Directions for this task: Pictures in the entries below are excluded; copy only the lines from the one containing "4月29日上午,2025年广" to the one containing "نبذة الناشر:فكرة القصة", both included.

Provided entries:

+++

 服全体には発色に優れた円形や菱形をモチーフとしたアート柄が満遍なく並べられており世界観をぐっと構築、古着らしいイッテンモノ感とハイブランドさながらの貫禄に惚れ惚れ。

+++

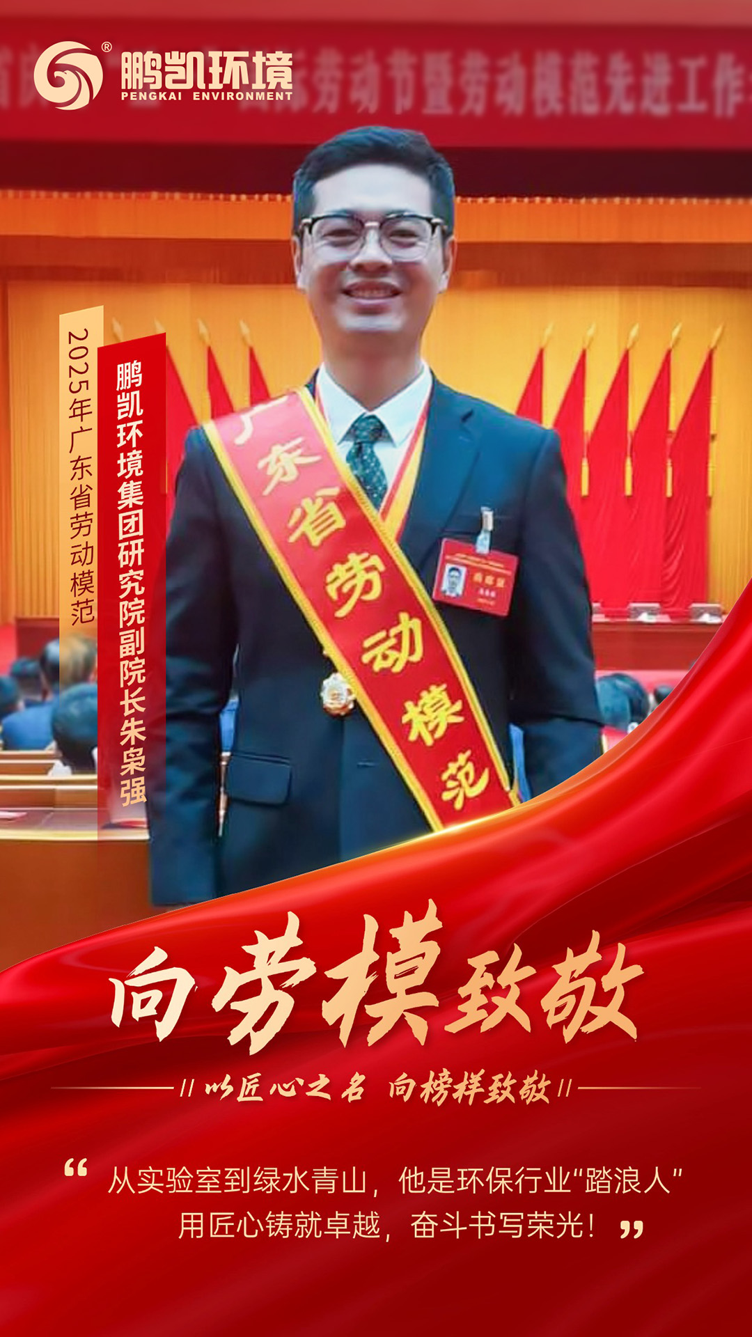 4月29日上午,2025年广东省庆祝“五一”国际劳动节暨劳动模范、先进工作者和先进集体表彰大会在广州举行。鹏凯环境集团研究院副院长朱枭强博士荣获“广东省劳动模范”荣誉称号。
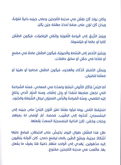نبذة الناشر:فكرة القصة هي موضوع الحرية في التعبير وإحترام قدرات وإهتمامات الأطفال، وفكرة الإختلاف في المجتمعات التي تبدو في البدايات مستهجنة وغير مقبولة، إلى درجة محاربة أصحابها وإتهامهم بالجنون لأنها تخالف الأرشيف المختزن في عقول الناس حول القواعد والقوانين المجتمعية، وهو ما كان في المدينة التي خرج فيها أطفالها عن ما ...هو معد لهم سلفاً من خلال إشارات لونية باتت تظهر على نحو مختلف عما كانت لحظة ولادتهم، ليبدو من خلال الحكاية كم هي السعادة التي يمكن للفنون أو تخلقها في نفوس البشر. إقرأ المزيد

+++

Output for this exercise:
 4月29日上午,2025年广东省庆祝“五一”国际劳动节暨劳动模范、先进工作者和先进集体表彰大会在广州举行。鹏凯环境集团研究院副院长朱枭强博士荣获“广东省劳动模范”荣誉称号。
نبذة الناشر:فكرة القصة هي موضوع الحرية في التعبير وإحترام قدرات وإهتمامات الأطفال، وفكرة الإختلاف في المجتمعات التي تبدو في البدايات مستهجنة وغير مقبولة، إلى درجة محاربة أصحابها وإتهامهم بالجنون لأنها تخالف الأرشيف المختزن في عقول الناس حول القواعد والقوانين المجتمعية، وهو ما كان في المدينة التي خرج فيها أطفالها عن ما ...هو معد لهم سلفاً من خلال إشارات لونية باتت تظهر على نحو مختلف عما كانت لحظة ولادتهم، ليبدو من خلال الحكاية كم هي السعادة التي يمكن للفنون أو تخلقها في نفوس البشر. إقرأ المزيد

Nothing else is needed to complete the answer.